National will bring back accountability for Government spending by setting transparent targets and measuring the results we achieve with Kiwis money.
The targets we set will be for things that make a difference to you and to our country’s future: like reducing waiting times for health services, lifting achievement in schools, and making our communities safer.
We will report against these targets every six months.
2. Two, our fiscal plan will also include a re-commitment to the tax plan we have announced to provide tax relief for the squeezed middle of working New Zealanders who have struggled to get ahead under Labour.
This is essential, not only to compensate for the ravages of inflation, but also to send a clear signal to New Zealanders that under National hard work will be rewarded.
We have announced our tax plan in full already. It is responsibly funded through a programme of spending reprioritisations and targeted new revenue measures. It does not require a single dollar of borrowing.
It will deliver a median income worker an additional $50 a fortnight, an average income couple $100 a fortnight and a family with small children up to $250 more a fortnight.
We will also remove the ute tax, the Auckland regional fuel tax, Labour’s punitive landlord taxes and we will stop plans to increase fuel excise.
3. We will cut red tape and complex regulations that are strangling our economy and making it too hard for New Zealanders to get things done.
Here’s some examples.
We will stop compulsory and costly centralised wage bargaining and the risk it poses to thousands of small and medium sized employers and workers across NZ. We will repeal the legislation that compels it.
We will fix the spaghetti of regulations created through the Credit Contracts and Consumer Finance Act and that have made it too difficult for people to borrow for their small business or first home.
We will fix farming regulations that defy practicality and that, according to a grower I met recently, are making it impossible for him to expand his operation to grow the affordable vegetables our country so badly needs. We will never turn our back on farmers.
We will fix the rules holding back investment in renewable electricity: it can take up to eight years for a business to get permission to build a wind farm. That’s just crazy: we’ll set a one year limit.
Our approach will be to minimise red tape so that people can get on and make things happen.
4. We will grow skills and attract talent.
That means equipping young New Zealanders better by doing the basics brilliantly in our schools. Filling workforce shortages. Reversing the Te Pukenga disaster. Training more doctors Bonding graduate nurses to NZ by helping pay off their student loans. Ensuring our welfare system supports the vulnerable but also incentives work.
5. Finally, we will build the infrastructure needed for growth.
We will deliver a complete revamp in the way infrastructure is funded and delivered in New Zealand, working with local councils to drive regional investment, creating fast-track consenting mechanisms, partnering with major investors to finance big projects and creating bigger pipelines of projects.
All of this will make a big difference, and yes there will be more to do – to encourage trade and investment, to back exporters, to encourage better adoption of research, science and technology to boost innovation.

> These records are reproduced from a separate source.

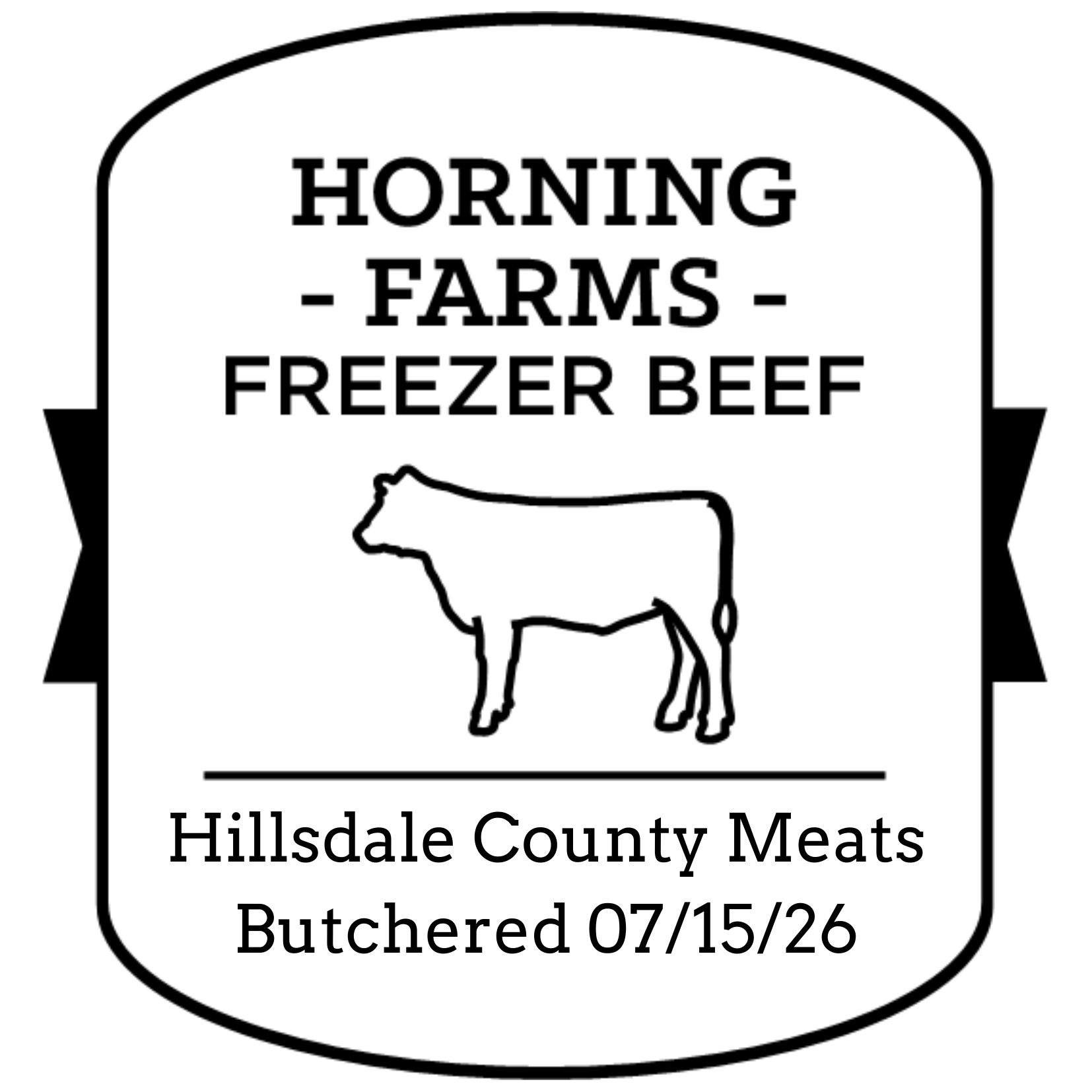 Freezer beef will be charged $3.50 per pound of hanging weight by Horning Farms. Butcher fees are set by and charged by the processor. They are an additional approximate $1 per pound of hanging weight. Hanging weights can vary; we are averaging 850 pounds for a whole beef.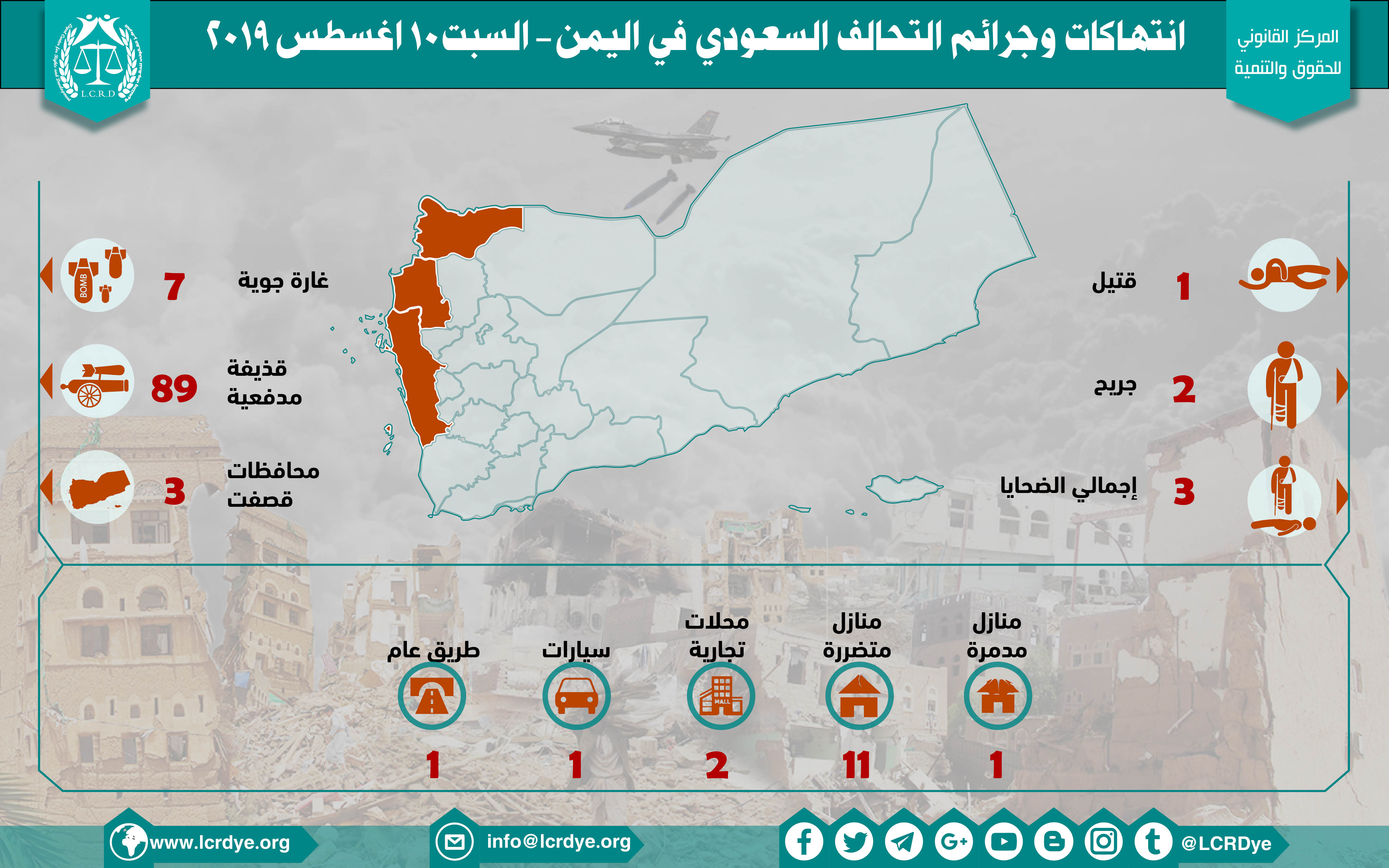 إحصائية أولية لإنتهاكات التحالف السعودي في اليمن 10 اغسطس 2019 Last updated أغسطس 21, 2019 للتحميل : Share FacebookTwitterGoogle+ReddItWhatsAppPinterestالبريد الإلكتروني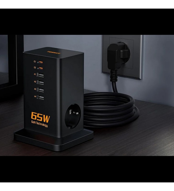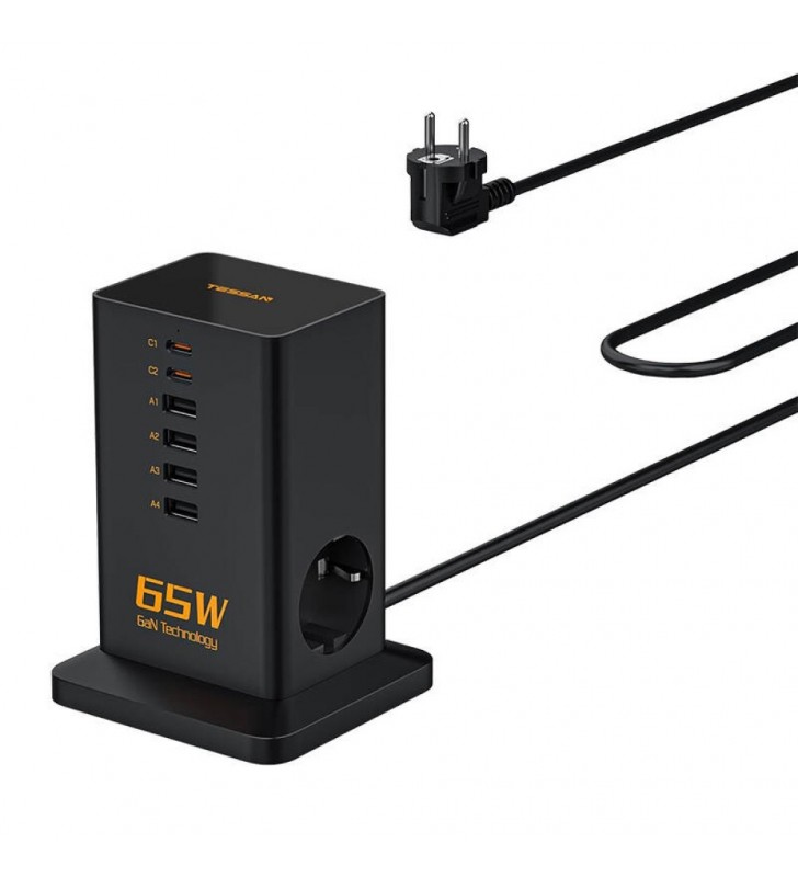 TESSAN 8 IN 1 GaN POWER STRIP 2xSCHUKO 4xUSB 2xTYPE-C 65W WITH CABLE 2M BLACK - TESSAN (TS-FS02DE00)

Taken together, National’s economic policies will be practical and based on our belief that a strong economy is created through the efforts of everyday New Zealanders choosing to work here, to create new jobs here, to start a new business, t take a product global or start something new.
We know that success is good for the country, good for the Government books and good for every New Zealander.
We will back success, growth and get New Zealand back on track.